Listen to the author, Jessica Rundell, reading this blog post.
Towards the end of each year, the Cambridge Dictionary team gets together to pore over search data and decide which word deserves the title of Word of the Year, and 2024 is no different. This year, that word is manifest!
How do we choose our Word of the Year?
When we choose the Cambridge Dictionary Word of the Year, we have three considerations: user data, zeitgeist, and language. Which word was looked up most, or spiked? Which one really captures what was happening in that year? And what is interesting about this word from a language point of view?
Manifest met all three requirements:
User data
Manifest was one of the words on our top searches list, with 130,000 page views this year. We believe the searches were mainly driven by people looking up the sense that we added to the Cambridge Dictionary in May 2023:
to use methods such as visualization and affirmation to help you imagine achieving something you want, in the belief that doing so will make it more likely to happen
Zeitgeist
The practice of manifesting became popular during the pandemic, when a host of manifesting influencers popped up on social media, giving tips on how to manifest money, career success, or more generally, abundance.
But it really entered the mainstream this year, with Olympians, Paralympians, singers, and other influential people all attributing their success to manifestation.
Language
We noticed a change in the words used with manifest and how they shifted from negative to positive. Previously, we mainly noticed collocations like symptom, disease, andstress:
The illness first manifested itself in severe stomach pains.
In teenagers, depression often manifests itself as anger.

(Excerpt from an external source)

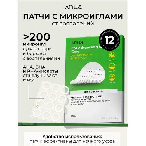 Anua Ultra-Thin Spot Cover Patch - это патчи от воспалений с микроиглами, предназначенные для точечного ухода за проблемной кожей. В упаковке вы найдете 12 штук, каждая из которых предназначена для использования на одном участке кожи.

More recently though, it began to be used with words like goal, success, anddream. In addition, we found that it was no longer just things manifesting themselves. People began to manifest the things they wanted:
Use these simple steps to manifest your dream job.
The swimmer says she manifested her first gold medal at the Paralympics.

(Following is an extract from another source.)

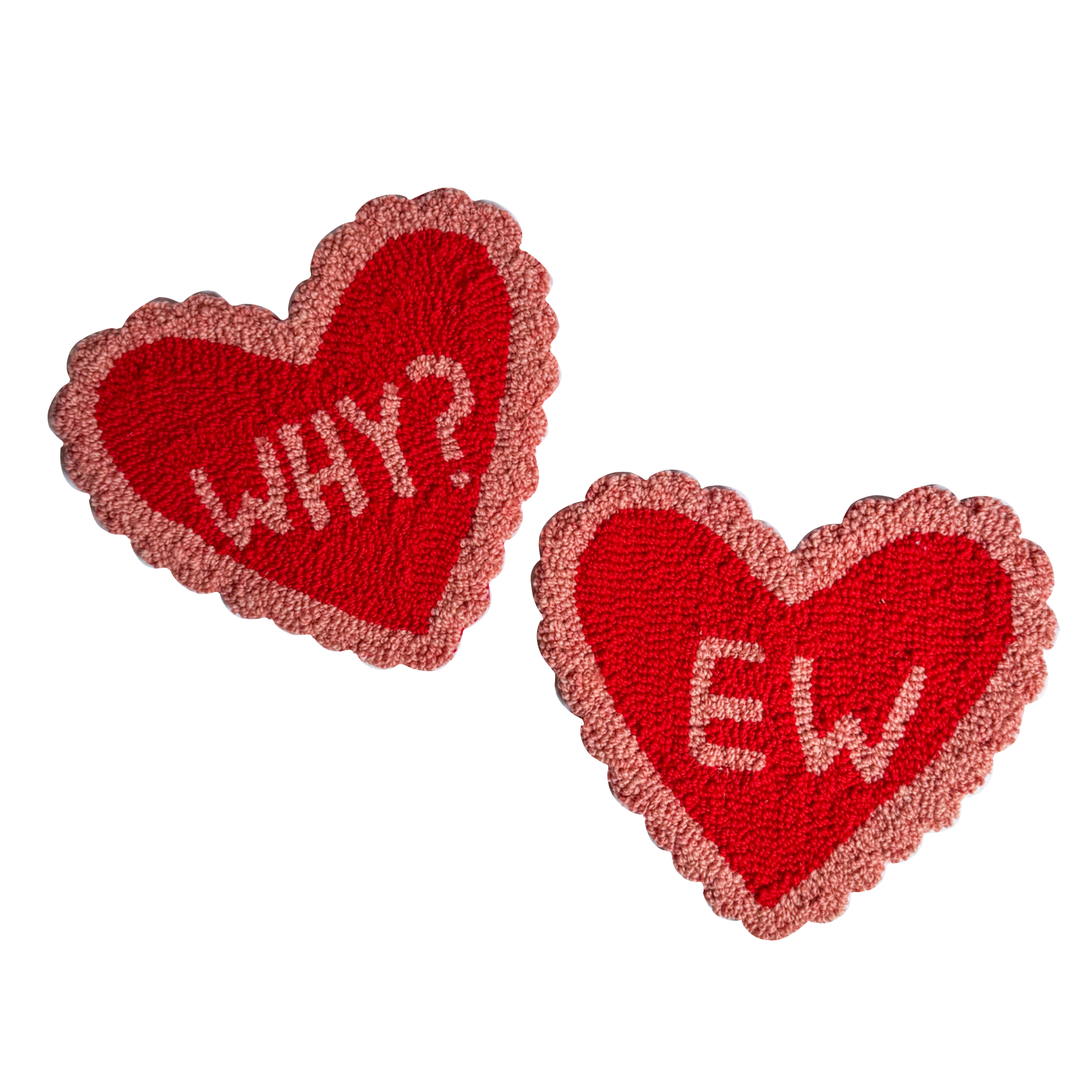 These sassy valentines wall hanging is handmade with a loop-pile tufting machine, using 100% maritime wool yarn and backed with adhesive and felt. There is a d-ring attached to the back for easy hanging on a nail or picture hook.

Click here to find out more about the 600-year history of the word manifest and how it’s being used now!
Ten years of Word of the Year
Manifest is our 10th Word of the Year. This decade has been quite a rollercoaster, and the words we’ve chosen have captured that. There has been concern about politics and technological advances, and, of course, a global pandemic. On the upside, we’ve seen determination and positive spirit, an increased awareness of environmental issues, and an addictive word game that got everyone talking!
Here’s a look back at our previous winners:
2023: hallucinate
2022: homer
2021: perseverance
2020: quarantine
2019: upcycling
2018: nomophobia
2017: populism
2016: paranoid
2015: austerity
It’s always fascinating to see what people are looking up, and to speculate on why these spikes or overall rises in lookups occur.
One reason we may see an overall rise in searches is that people see an existing word used in a new way and they want to understand what it means.
Usually, we stay ahead of the trend and add these new meanings before people start looking for them. However, quarantine took us by surprise. It was only when we had chosen it as Word of the Year 2020 that we realized a new meaning had emerged during that year. It used to be used only for specific periods where people or animals had to be kept away from others, for example after travel, or due to an infectious disease:
Owners risk having to leave their pets abroad or put them in quarantine if they fail to follow the rules.
However, during the pandemic, especially in the US, people started to use quarantine to mean lockdown:
I’ve been doing a lot of baking during quarantine.
Some years we see spikes in searches for a particular word. These spikes can occur over a week, or just one day.
Sometimes the reason for a spike is immediately clear: In 2021, the spike in searches for perseverance in mid-February could clearly be linked to the landing of the Perseverance rover on Mars. But when, in 2022, we noticed that over 65,000 people had searched for the word homer in one single day in May, we were perplexed. It was only when we found spikes for a number of other five-letter words that we knew the answer had to be Wordle.
In 2023, hallucinate saw an overall rise in searches thanks to a new meaning added earlier that year related to AI, the hot topic of the moment.
We added a new meaning to another word in 2023 after seeing its usage shift from social media into mainstream news. And that word is the Cambridge Dictionary Word of the Year for 2024 – manifest!
What do you think about our decade of Words of the Year? Would you have chosen different words?